> Work request:
Please transcribe, exactly and only, the lines of the records below from the one holding "(要求被保險人理賠時年齡在3" to the very end.

> Data supplied:
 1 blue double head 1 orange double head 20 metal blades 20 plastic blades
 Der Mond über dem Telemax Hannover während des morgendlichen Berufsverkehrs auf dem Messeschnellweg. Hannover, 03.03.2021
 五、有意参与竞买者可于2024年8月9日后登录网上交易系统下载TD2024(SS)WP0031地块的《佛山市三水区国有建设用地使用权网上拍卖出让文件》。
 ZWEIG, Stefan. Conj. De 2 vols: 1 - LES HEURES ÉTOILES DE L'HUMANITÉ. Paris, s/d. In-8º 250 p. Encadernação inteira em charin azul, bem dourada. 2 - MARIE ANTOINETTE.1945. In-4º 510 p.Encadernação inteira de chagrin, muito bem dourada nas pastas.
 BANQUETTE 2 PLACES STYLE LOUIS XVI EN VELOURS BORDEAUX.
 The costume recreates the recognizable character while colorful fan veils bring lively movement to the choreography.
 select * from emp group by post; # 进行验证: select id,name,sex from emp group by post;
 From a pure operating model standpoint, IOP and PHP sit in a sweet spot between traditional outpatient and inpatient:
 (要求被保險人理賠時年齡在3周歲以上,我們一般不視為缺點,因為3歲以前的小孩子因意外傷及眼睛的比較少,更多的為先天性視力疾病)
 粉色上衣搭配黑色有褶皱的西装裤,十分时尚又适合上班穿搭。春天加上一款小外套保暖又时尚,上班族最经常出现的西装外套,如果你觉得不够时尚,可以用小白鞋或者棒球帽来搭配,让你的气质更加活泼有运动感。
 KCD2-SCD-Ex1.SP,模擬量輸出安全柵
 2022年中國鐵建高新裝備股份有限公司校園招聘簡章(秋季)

> Your response:
 (要求被保險人理賠時年齡在3周歲以上,我們一般不視為缺點,因為3歲以前的小孩子因意外傷及眼睛的比較少,更多的為先天性視力疾病)
 粉色上衣搭配黑色有褶皱的西装裤,十分时尚又适合上班穿搭。春天加上一款小外套保暖又时尚,上班族最经常出现的西装外套,如果你觉得不够时尚,可以用小白鞋或者棒球帽来搭配,让你的气质更加活泼有运动感。
 KCD2-SCD-Ex1.SP,模擬量輸出安全柵
 2022年中國鐵建高新裝備股份有限公司校園招聘簡章(秋季)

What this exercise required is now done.